Question

I was looking at an example here: https://blog.parasoft.com/finding-memory-leaks-in-c

#include <stdlib.h>
#include <string.h>

int main(int argc, char *argv[]) {
    char *string, *string_so_far;
    int i, length;     length = 0;
    for(i=0; i<argc; i++) {
        length += strlen(argv[i])+1;
        string = malloc(length+1);

        /*  * Copy the string built so far. */
        if(string_so_far != (char *)0)
            strcpy(string, string_so_far);
        else *string = '\0';
        strcat(string, argv[i]);
        if(i < argc-1) strcat(string, " ");
        string_so_far = string;
    }
    printf("You entered: %s\n", string_so_far);
    return (0);
}

and read that when we execute the program with the following arguments:

hello this is a test

The variable string_so_far points to the string “hello” which was assigned as a result of the previous loop iteration. But I don't understand how? A step by step explanation would be really helpful.

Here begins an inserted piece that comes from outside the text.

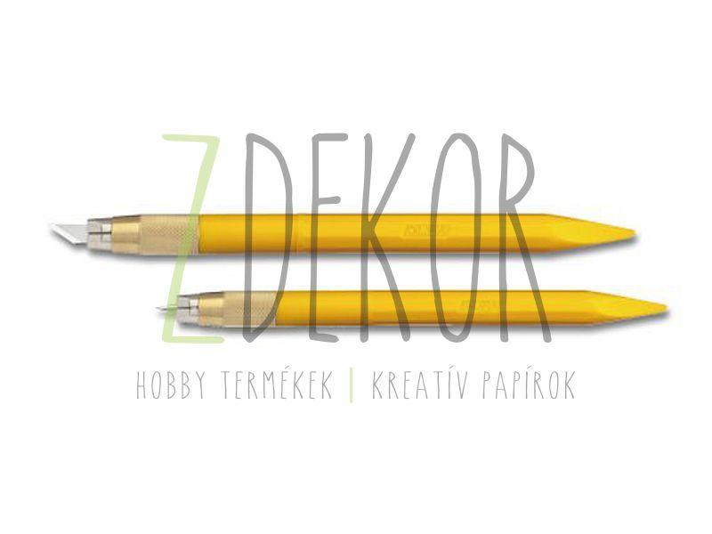 Dizájner művészkés spatula éllel és fém pengebefogóval. A csomag 30 pengét és egy tűt tartalmaz. A négyzet alakú pótpengetartó a pengevédőhöz csatlakoztatva állványként funkcionál. A kiegészítő tűvel jelölheti a műanyag mintákat és lehúzhatja a címkéket. A felső végén található praktikus spatula elsimítja a ragasztóanyagokat és formákat alakít agyagba.

Secondly, I came across this example in course material:

int countPrimes(int n)
{
   PrimeSet *p = new PrimeSet(n);
      return( p->countPrimeNumbers() );
}

It was stated that there's a memory leak here but I don"t really understand how, probably because I am not sure what exactly is happening here.

Was it helpful?

Solution

In the first example, you use malloc inside a loop for a variable. The malloc call reserves a block of memory and returns the block's first address. You need to delete to block with free if you no longer need it. If the programmer wishes to extend the memory block, the better alternative would be realloc. Read more about realloc at http://www.cplusplus.com/reference/cstdlib/realloc/.

In your second example, the object in which the pointer p points to is initialized on the heap and will remain to stay in the heap until the programmer uses delete. A safer alternative for creating objects on the heap is creating it on the stack, which will remove every data after a method's call is finished.

int countPrimes(int n){
   PrimeSet p(n);
   return( p.countPrimeNumbers() );
}

If memory management is not done properly like in the second example, the object can not be deleted after the only reference to it is lost, hence a memory leak happens.

OTHER TIPS

In your second example, you allocate space for a PrimeSet object and initialise it, then you call the countPrimeNumbers function. The PrimeSet object still exists, it still occupies memory, it probably allocated more memory, and all that memory is still occupied but not accessible. That’s a memory leak: Memory that is occupied but unusable.